RFE(estimator=RandomForestClassifier(n_estimators=10, random_state=10),
    n_features_to_select=27)

In [6]:
# selected features

selected_feat = X_train.columns[(sel_.get_support())]
len(selected_feat)

27

In [7]:
# let's display the list of features
selected_feat

Index(['var_4', 'var_14', 'var_21', 'var_25', 'var_30', 'var_31', 'var_34',
       'var_38', 'var_41', 'var_46', 'var_53', 'var_55', 'var_56', 'var_70',
       'var_71', 'var_73', 'var_79', 'var_82', 'var_86', 'var_87', 'var_88',
       'var_90', 'var_92', 'var_93', 'var_96', 'var_104', 'var_108'],
      dtype='object')

In [8]:
# these are the features selected in the previous
# notebook where we used SelectFromModel from sklearn
# without doing it recursively

previous_lecture_selected_features = [
    'var_1', 'var_2', 'var_6', 'var_9', 'var_13', 'var_15', 'var_16', 'var_17',
    'var_20', 'var_21', 'var_30', 'var_34', 'var_37', 'var_55', 'var_60',
    'var_67', 'var_69', 'var_70', 'var_71', 'var_82', 'var_87', 'var_88',
    'var_95', 'var_96', 'var_99', 'var_103', 'var_108'
]

### Compare performance of feature subsets

In [9]:
# create a function to build random forests and compare
# their performance in train and test sets

def run_randomForests(X_train, X_test, y_train, y_test):
    
    rf = RandomForestClassifier(n_estimators=200, random_state=39, max_depth=4)
    rf.fit(X_train, y_train)
    
    print('Train set')
    pred = rf.predict_proba(X_train)
    print('Random Forests roc-auc: {}'.format(roc_auc_score(y_train, pred[:,1])))
    
    print('Test set')
    pred = rf.predict_proba(X_test)
    print('Random Forests roc-auc: {}'.format(roc_auc_score(y_test, pred[:,1])))

In [10]:
# features selected recursively
run_randomForests(X_train[selected_feat],
                  X_test[selected_feat],
                  y_train, y_test)

Train set
Random Forests roc-auc: 0.7046591498448564
Test set
Random Forests roc-auc: 0.6904472637540937


In [11]:
# features selected altogether
run_randomForests(X_train[previous_lecture_selected_features],
                  X_test[previous_lecture_selected_features],
                  y_train, y_test)

Train set
Random Forests roc-auc: 0.7126509093226299
Test set
Random Forests roc-auc: 0.7009195513033531


We see that RFE did not return a better subset of features.

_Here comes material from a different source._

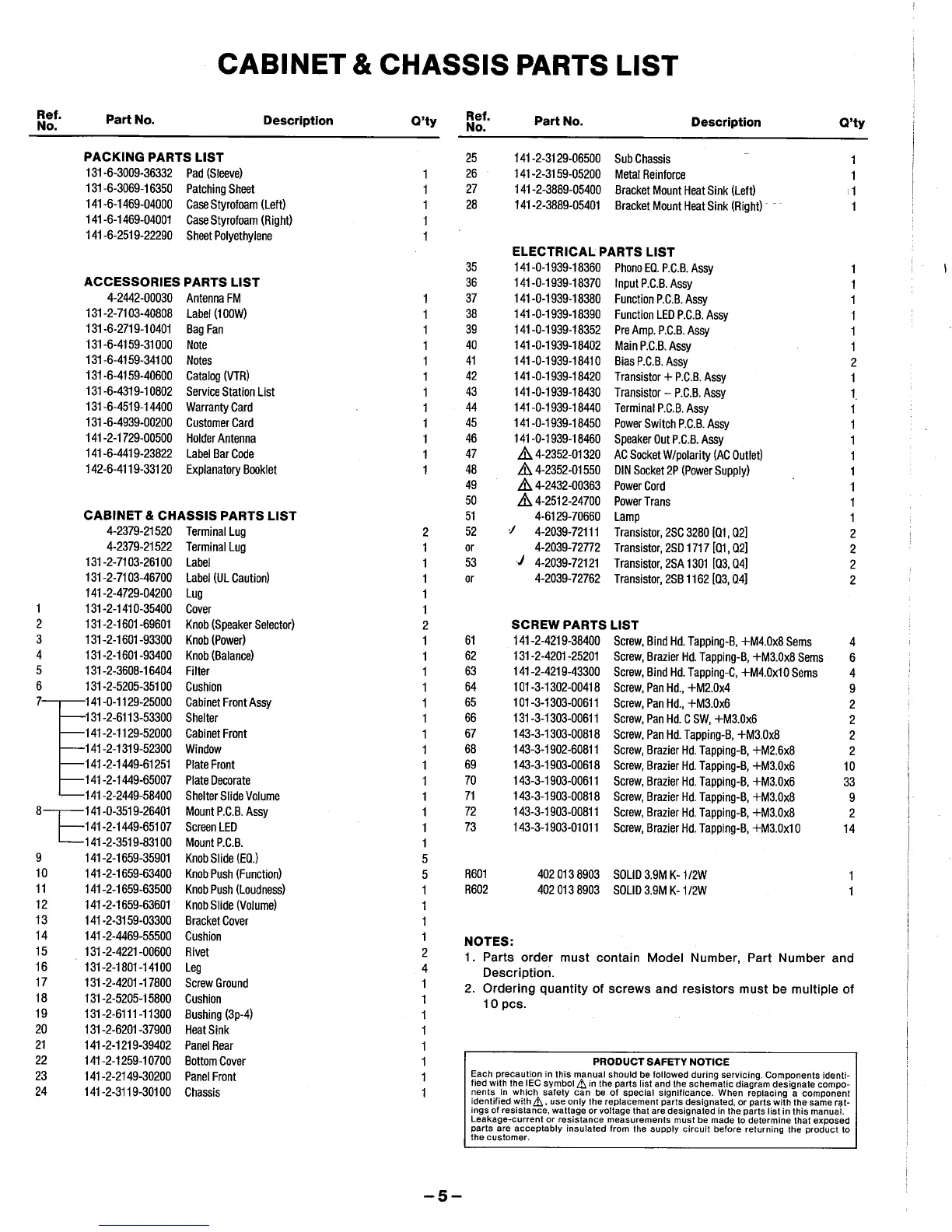 Fisher CA-857 - Cabinet and Chassis Parts List

The performance of the model built using the variables selected directly from the first RandomForest was enough to find a good subset of features.

In my opinion the RFE from sklearn does not bring forward a massive advantage respect to the SelectFromModel method and personally I tend to use the second to select my features.

That is all for this lecture, I hope you enjoyed it and see you in the next one!